Because of [his long-time friend] Hill's training in counterterrorism, in 1990 Rescorla asked him to come up and take a look at the security situation. "He knew I could be an evil-minded bastard," Hill recalls. At the World Trade Center, Rescorla asked him a simple question: "How would you take this out?" Hill looked around, and asked to see the basement. They walked down an entrance ramp into a parking garage; there was no visible security, and no one stopped them. "This is a soft touch," Hill said, pointing to a load-bearing column easily accessible in the middle of the space. "I'd drive a truck full of explosives in here, walk out, and light it off."As a result of Hill's observations and his own, Rescorla arranged a meeting with a security official for the Port Authority of New York and New Jersey, which managed the building. "They told Rick to kiss off," Hill recalled. "They told him, 'You lease your stories, you worry about that. The rest of the building is not your concern.' " (A Port Authority spokesman says that security "took into account all known threats at that time," and "was better than in most office buildings in New York.")
. . .
[On Sept. 11, 2001] Hill could hear Rescorla issuing orders through the bullhorn. He was calm and collected, never raising his voice. Then Hill heard him break into song:
Men of Cornwall stop your dreaming;
Can't you see their spearpoints gleaming?
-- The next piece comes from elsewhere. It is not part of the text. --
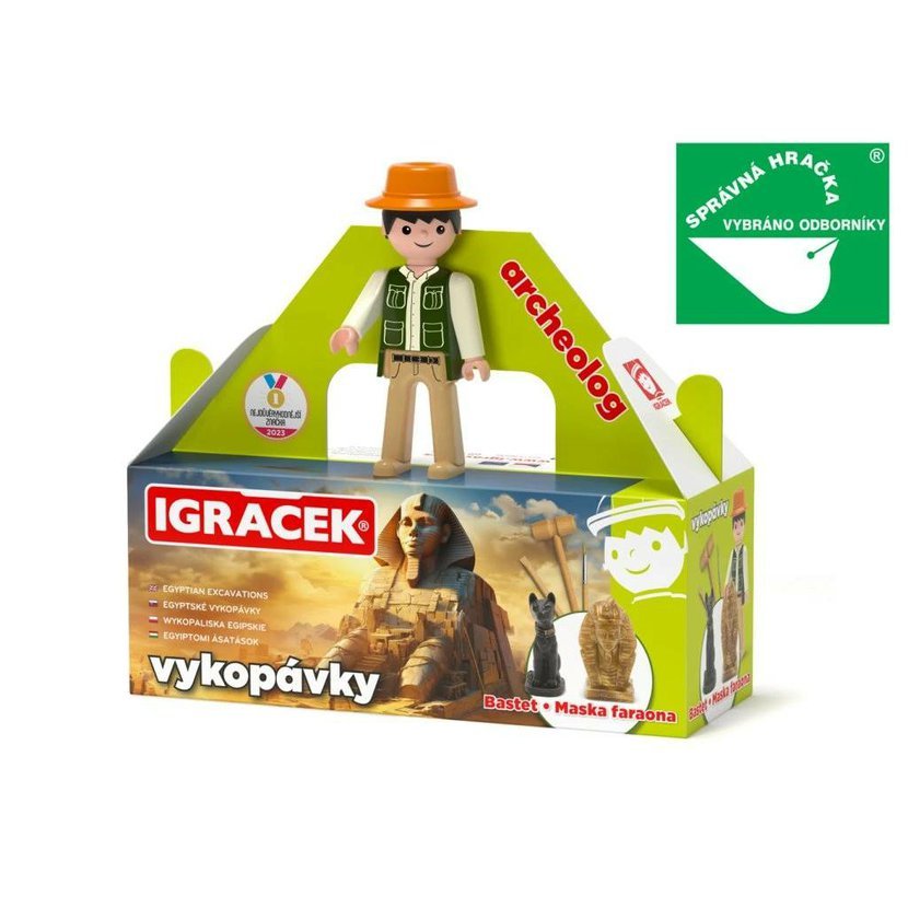 Děti rády objevují. Proto jsme pro ně připravili dobrodružnou řadu Igráčků s vykopávkami. V tomto setu budou děti s Igráčkem Archeologem odhalovat egyptské artefakty. Jejich úkolem bude vykopat ze dvou kamenů sošku bohyně Bastet a masku faraona. Při zábavné činnosti si procvičí jemnou motoriku i trpělivost.

See their warriors' pennants streaming
To this battlefield.
Men of Cornwall stand ye steady;
It cannot be ever said ye
for the battle were not ready;
Stand and never yield!Rescorla came back on the phone. "Pack a bag and get up here," he said. "You can be my consultant again." He added that the Port Authority was telling him not to evacuate and to order people to stay at their desks.
"What'd you say?" Hill asked.
"I said, 'Piss off, you son of a bitch,' " Rescorla replied. "Everything above where that plane hit is going to collapse, and it's going to take the whole building with it.